:: WHAT TO WORK ON ::
Give again, word for word, the lines below that run from the line with "D6F-A5 空氣流量歐姆龍傳感器" through the line with "This program will". Drop the pictures.

:: EXTRACTED DATA ::

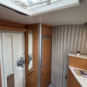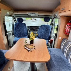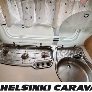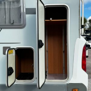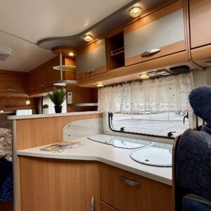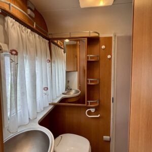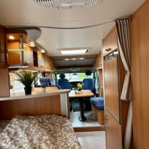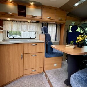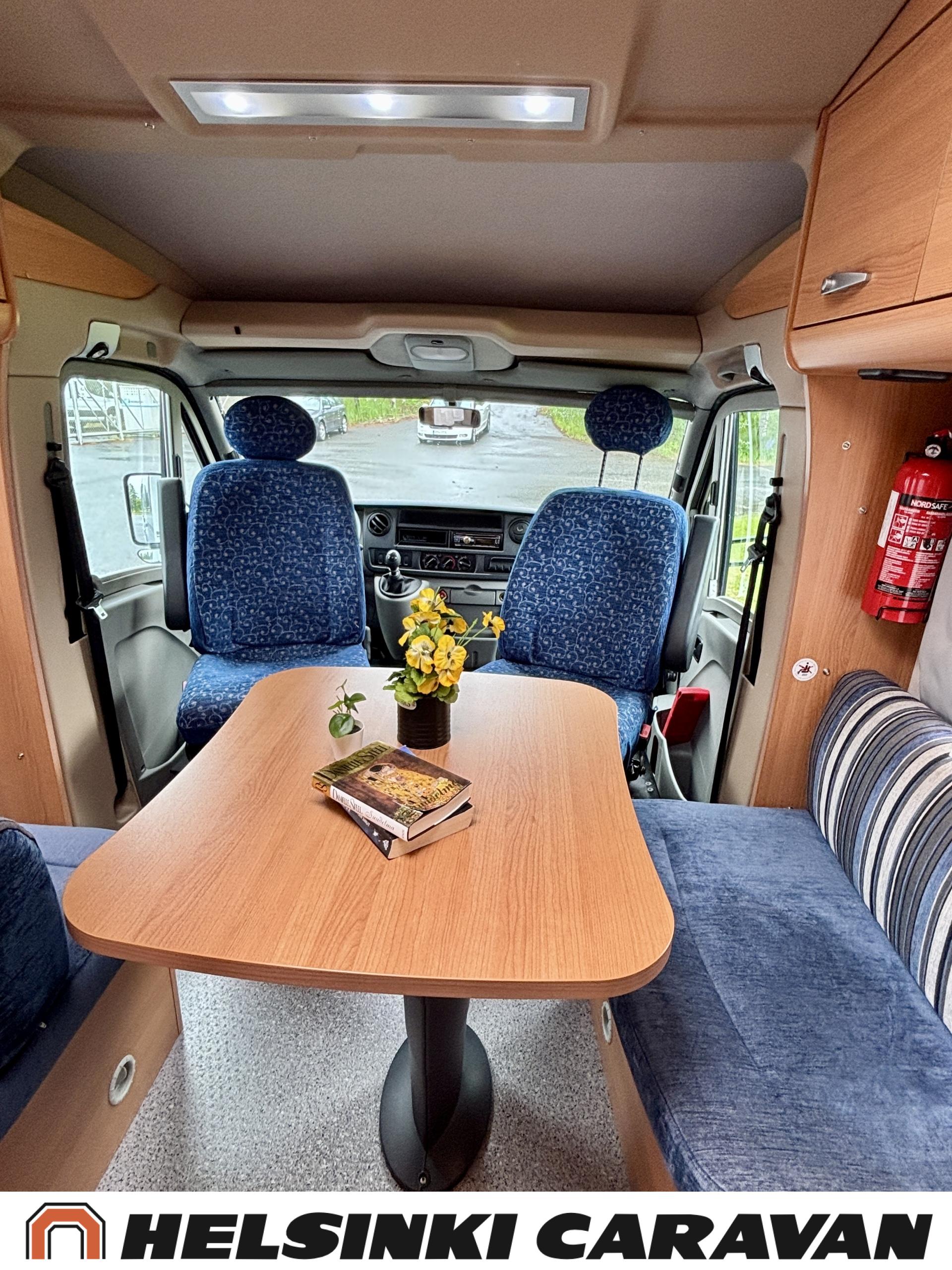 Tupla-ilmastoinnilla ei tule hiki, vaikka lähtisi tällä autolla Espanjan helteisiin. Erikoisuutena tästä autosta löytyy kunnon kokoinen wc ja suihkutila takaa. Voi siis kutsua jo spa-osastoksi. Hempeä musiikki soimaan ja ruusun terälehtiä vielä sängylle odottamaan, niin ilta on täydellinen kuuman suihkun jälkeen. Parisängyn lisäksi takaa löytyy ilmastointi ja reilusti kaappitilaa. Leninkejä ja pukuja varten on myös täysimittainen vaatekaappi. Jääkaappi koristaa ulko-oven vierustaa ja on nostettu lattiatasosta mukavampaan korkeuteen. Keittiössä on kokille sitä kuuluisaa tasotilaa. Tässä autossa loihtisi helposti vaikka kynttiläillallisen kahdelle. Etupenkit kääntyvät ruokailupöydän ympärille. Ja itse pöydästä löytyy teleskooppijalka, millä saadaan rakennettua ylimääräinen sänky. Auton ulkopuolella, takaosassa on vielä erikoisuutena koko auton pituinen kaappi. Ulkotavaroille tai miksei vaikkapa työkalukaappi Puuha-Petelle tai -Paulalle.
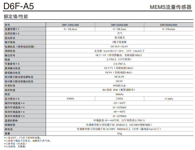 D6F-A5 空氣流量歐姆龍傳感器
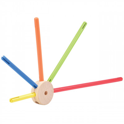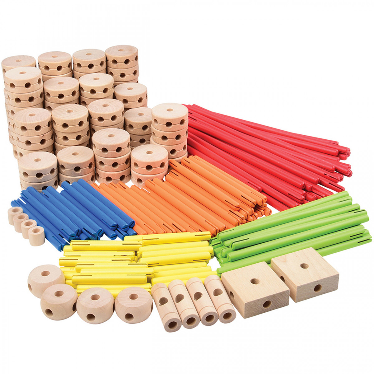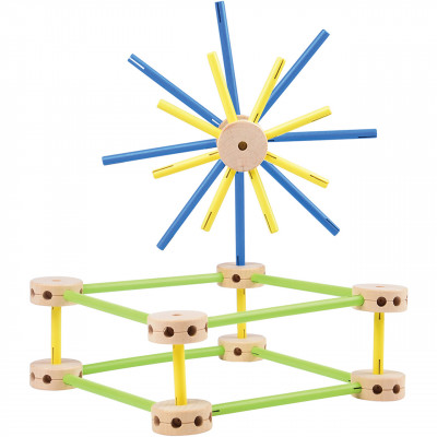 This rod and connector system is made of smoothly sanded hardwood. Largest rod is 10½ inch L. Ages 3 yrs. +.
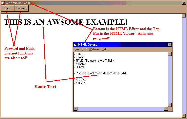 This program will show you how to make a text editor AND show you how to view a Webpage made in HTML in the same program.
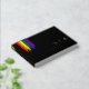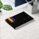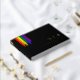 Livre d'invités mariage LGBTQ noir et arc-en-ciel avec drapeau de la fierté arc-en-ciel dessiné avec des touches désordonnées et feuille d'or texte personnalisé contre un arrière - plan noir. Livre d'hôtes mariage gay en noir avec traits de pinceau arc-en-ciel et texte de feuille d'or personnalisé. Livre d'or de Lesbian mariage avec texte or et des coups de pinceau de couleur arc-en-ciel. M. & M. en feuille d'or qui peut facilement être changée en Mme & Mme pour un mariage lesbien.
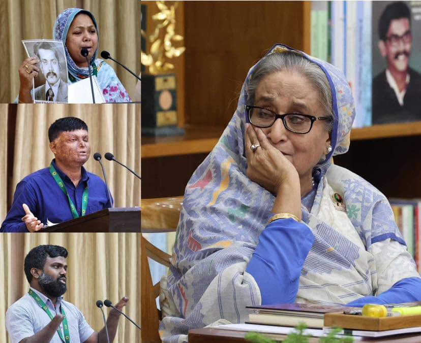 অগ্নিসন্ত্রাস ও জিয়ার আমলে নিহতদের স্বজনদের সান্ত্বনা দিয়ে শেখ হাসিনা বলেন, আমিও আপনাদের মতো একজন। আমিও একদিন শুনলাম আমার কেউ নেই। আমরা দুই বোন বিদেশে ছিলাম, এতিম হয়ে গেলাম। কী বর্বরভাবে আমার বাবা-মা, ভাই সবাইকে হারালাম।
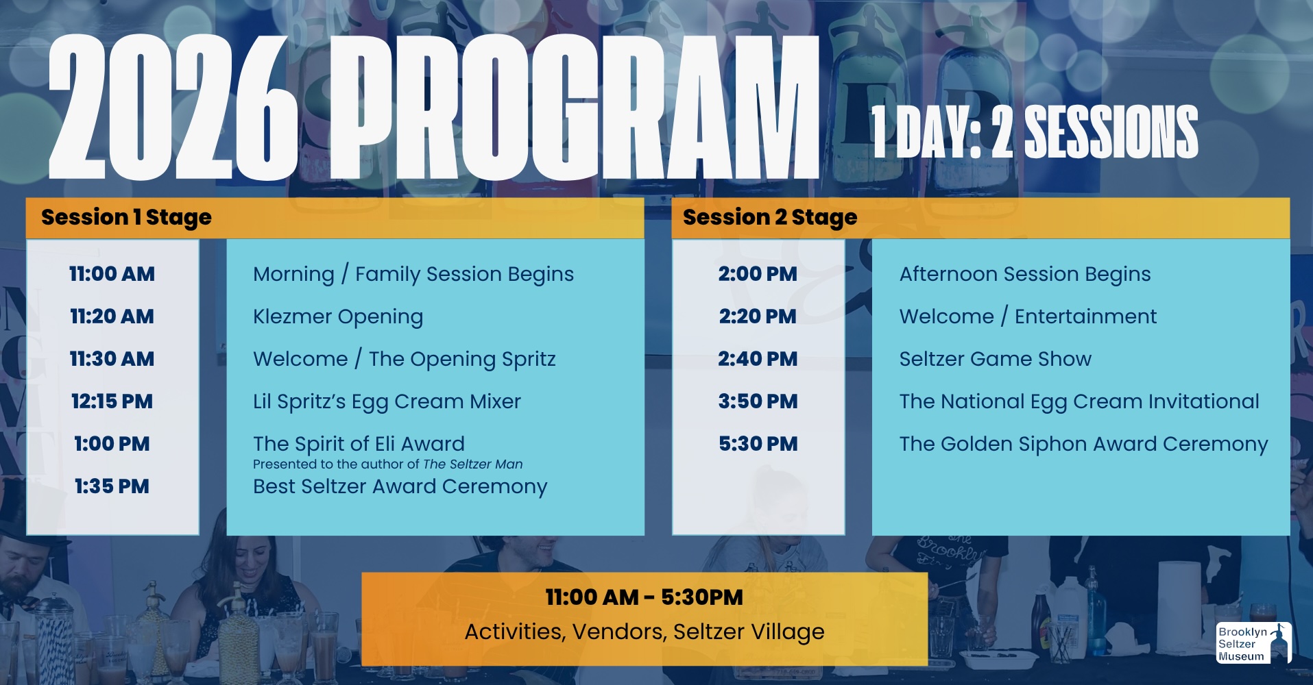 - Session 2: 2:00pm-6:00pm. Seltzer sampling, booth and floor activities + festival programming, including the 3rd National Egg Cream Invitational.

---

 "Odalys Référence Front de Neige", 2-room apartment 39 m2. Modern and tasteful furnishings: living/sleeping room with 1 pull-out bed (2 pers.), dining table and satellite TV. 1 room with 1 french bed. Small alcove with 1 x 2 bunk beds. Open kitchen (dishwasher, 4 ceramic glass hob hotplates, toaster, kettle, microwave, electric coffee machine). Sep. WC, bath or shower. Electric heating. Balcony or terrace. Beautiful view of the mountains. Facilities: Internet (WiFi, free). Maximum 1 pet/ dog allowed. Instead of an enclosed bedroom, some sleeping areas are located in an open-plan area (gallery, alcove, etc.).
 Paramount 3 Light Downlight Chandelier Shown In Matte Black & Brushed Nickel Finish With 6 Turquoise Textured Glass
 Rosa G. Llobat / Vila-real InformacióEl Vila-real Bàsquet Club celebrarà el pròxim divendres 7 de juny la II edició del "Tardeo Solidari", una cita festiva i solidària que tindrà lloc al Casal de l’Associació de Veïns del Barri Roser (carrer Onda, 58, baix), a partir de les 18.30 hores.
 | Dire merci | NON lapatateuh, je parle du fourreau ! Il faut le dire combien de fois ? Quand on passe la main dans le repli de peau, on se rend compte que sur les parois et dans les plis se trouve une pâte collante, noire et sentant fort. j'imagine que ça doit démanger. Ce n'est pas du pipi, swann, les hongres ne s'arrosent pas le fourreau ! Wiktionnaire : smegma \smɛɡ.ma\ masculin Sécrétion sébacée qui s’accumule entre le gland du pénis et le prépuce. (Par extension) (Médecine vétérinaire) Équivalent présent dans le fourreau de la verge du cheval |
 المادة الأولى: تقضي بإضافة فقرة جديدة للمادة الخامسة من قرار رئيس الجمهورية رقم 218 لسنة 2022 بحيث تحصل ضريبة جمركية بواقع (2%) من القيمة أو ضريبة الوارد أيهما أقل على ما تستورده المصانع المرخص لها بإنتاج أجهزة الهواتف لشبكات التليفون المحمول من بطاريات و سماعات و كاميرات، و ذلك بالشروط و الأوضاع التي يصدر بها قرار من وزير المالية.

:: ANSWER SECTION ::
 D6F-A5 空氣流量歐姆龍傳感器
 This rod and connector system is made of smoothly sanded hardwood. Largest rod is 10½ inch L. Ages 3 yrs. +.
 This program will show you how to make a text editor AND show you how to view a Webpage made in HTML in the same program.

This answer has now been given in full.